The distribution of the HOMO (the highest-occupied molecular orbital) and LUMO (the lowest-unoccupied molecular orbital) may provide preliminary information which may be helpful in the prediction of potential sites for radical attack [8]. A representation of the HOMO and LUMO orbitals of the three studied forms of isoferulic acid (calculated using the M062X/6-311+G(d,p)/PCM(water) method) is shown in Figure 3.

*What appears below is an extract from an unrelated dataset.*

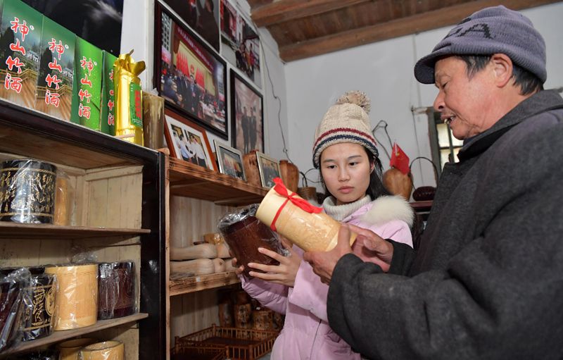 看到这人气越来越旺的村庄,当初不太想让大儿子回来的左秀发,打电话给在外务工的小儿子左春仁,让他回村发展。如今,靠打理家里的糍粑生意、做些竹木工艺品,小儿子一年也能挣10多万元,比在外面打工强。

The distribution of electronic density in the HOMO (Figure 3) indicates that for all the studied species, π electrons of the aromatic ring and the C₁₁ carbon atom of the -C=C- chain may be important in electron-donating routes of the free radical scavenging mechanism. The phenolic group of the neutral and monoanionic forms of isoferulic acid offers the most probable site involved within the HT mechanism. However, based on the visualization of Frontier orbitals itself, it is hard to indicate unambiguously the most probable radical attack site, especially that involved in the RAF mechanism engaging dianionic species. Condensed Fukui functions for radical attack ${\mathrm{f}}_{\mathrm{A}}^0$ calculated for an arbitrary atom A offer a more convenient and straightforward way to predict the reactive sites of reactions with free radicals, since ${\mathrm{f}}_{\mathrm{A}}^0$ values depend only on the atom’s electronegativity and electron density location [8]. Generally, the higher the ${\mathrm{f}}_{\mathrm{A}}^0$ value for a particular atom, the more prone that atom is to radical attack. The condensed Fukui functions for radical attack ${\mathrm{f}}_{\mathrm{A}}^0$ for C and O atoms of dianionic species of isoferulic acid (

Table 3. The condensed Fukui indices ${\mathrm{f}}_{\mathrm{A}}^0$ for O and C atoms in dianionic species of isoferulic acid.

Atom	Dianion
O1	0.034
O2	0.043
O3	0.039
O21	0.170
C4	0.007
C5	0.109
C6	0.125
C7	0.000
C8	0.132
C9	−0.007
C10	0.076
C11	0.143
C12	−0.006
C13	0.010

Atomic labels according to Gaussian 09—see Figure 2.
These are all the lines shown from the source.